Она сидела в один из таких вечеров на каминной решетке и временами прилежно штопала, а временами приостанавливала свою работу и сидела с натянутым на руки носком, поглядывая на огонь и погружаясь в мечтания — маленькая фигурка с черными волосами, спадающими на лоб, одетая в странное платье, первоначальный цвет которого был скрыт грязными пятнами, подобно тому, как Джарред переделывал палитру одной картины в другую.

Конечно, Луиза казалась жалкой, но было в ней что-то своеобразное, что напоминало некоторые сюжеты Дисона Филипа. Она носила алый платок, повязанный на шее, который оживлял ее серую одежду, в глазах отражался огонь, свет от которого освещал слегка бледную кожу на лице, полные красные губы. И присутствовал на лице какой-то след меланхолии, слишком выраженной для такой молодой девушки, хотя бы даже она и жила на Войси-стрит.

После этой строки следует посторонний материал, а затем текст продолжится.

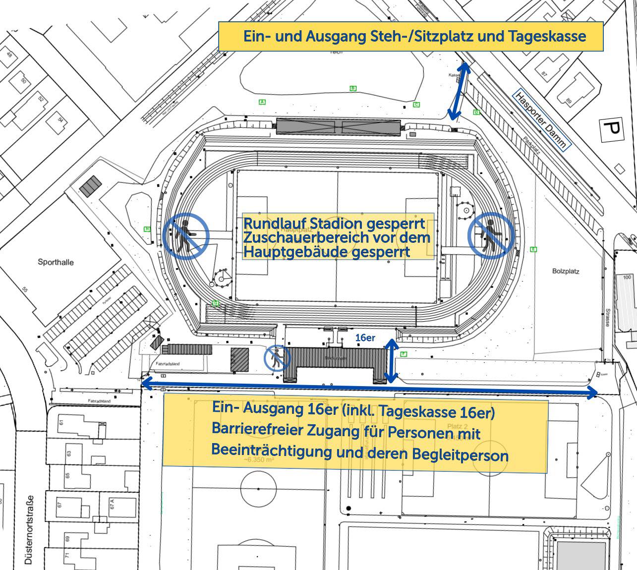 - Zuschauer gelangen ausschließlich über den Eingang Hasporter Damm neben der Haupttribüne ins Stadion, dort befinden sich auch die Tageskassen
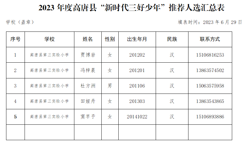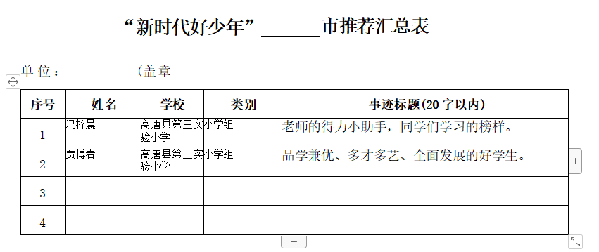 附件四:2023年度“新时代好少年”推荐人选汇总表

Джарред курил свою трубку, предаваясь безделию после очередного склеивания и лакировки скрипка, что он считал тяжелой работой. Он был доволен тем, что его дочь может сидеть и смотреть на его огонь, однако Джарред вовсе не собирался каким-либо образом развлекать ее.

— Что там с ужином? — спросил он, переставая курить.

— Думаю, что сегодня у нас будет рубец, папа.

— Думаю! Ты не должна думать об этом. Рубец это или нет. Ты не можешь думать об этом.

— Я извиняюсь, папа, — ответила девушка кротко, — это рубец. Я ходила за ним сама!

— Надеюсь, что ты взяла хорошую порцию, с жиром, а то та худосочная дрянь, которую мне иногда дает твоя бабушка, ничуть не лучше вареной кожи. Гм! Кажется, звонят во входную дверь. Кто это может быть так поздно?

— Наверное, к бабушке пришли, — предположила девушка.

— Очень может быть.

Тем не менее мистер Гарнер оживился, отложил скрипку в ящик стола, осмотрел комнату и решив, что она готова к приему гостя, вернулся к креслу.

— Посмотри, кто это, Лу, — сказал, он.

Но прежде, чем девушка смогла встать, гостя узнали по знакомым легким и стремительным шагам, раздававшимся на лестнице, и по бархатному тенору, что-то напевающему.

— Это мистер Лейбэн, папа.

— Да, мне не очень нравится его голландская манера исполнения рисунка, — сказал Джарред, взглядом показывая на угол, где стояло три или четыре холста без рамок.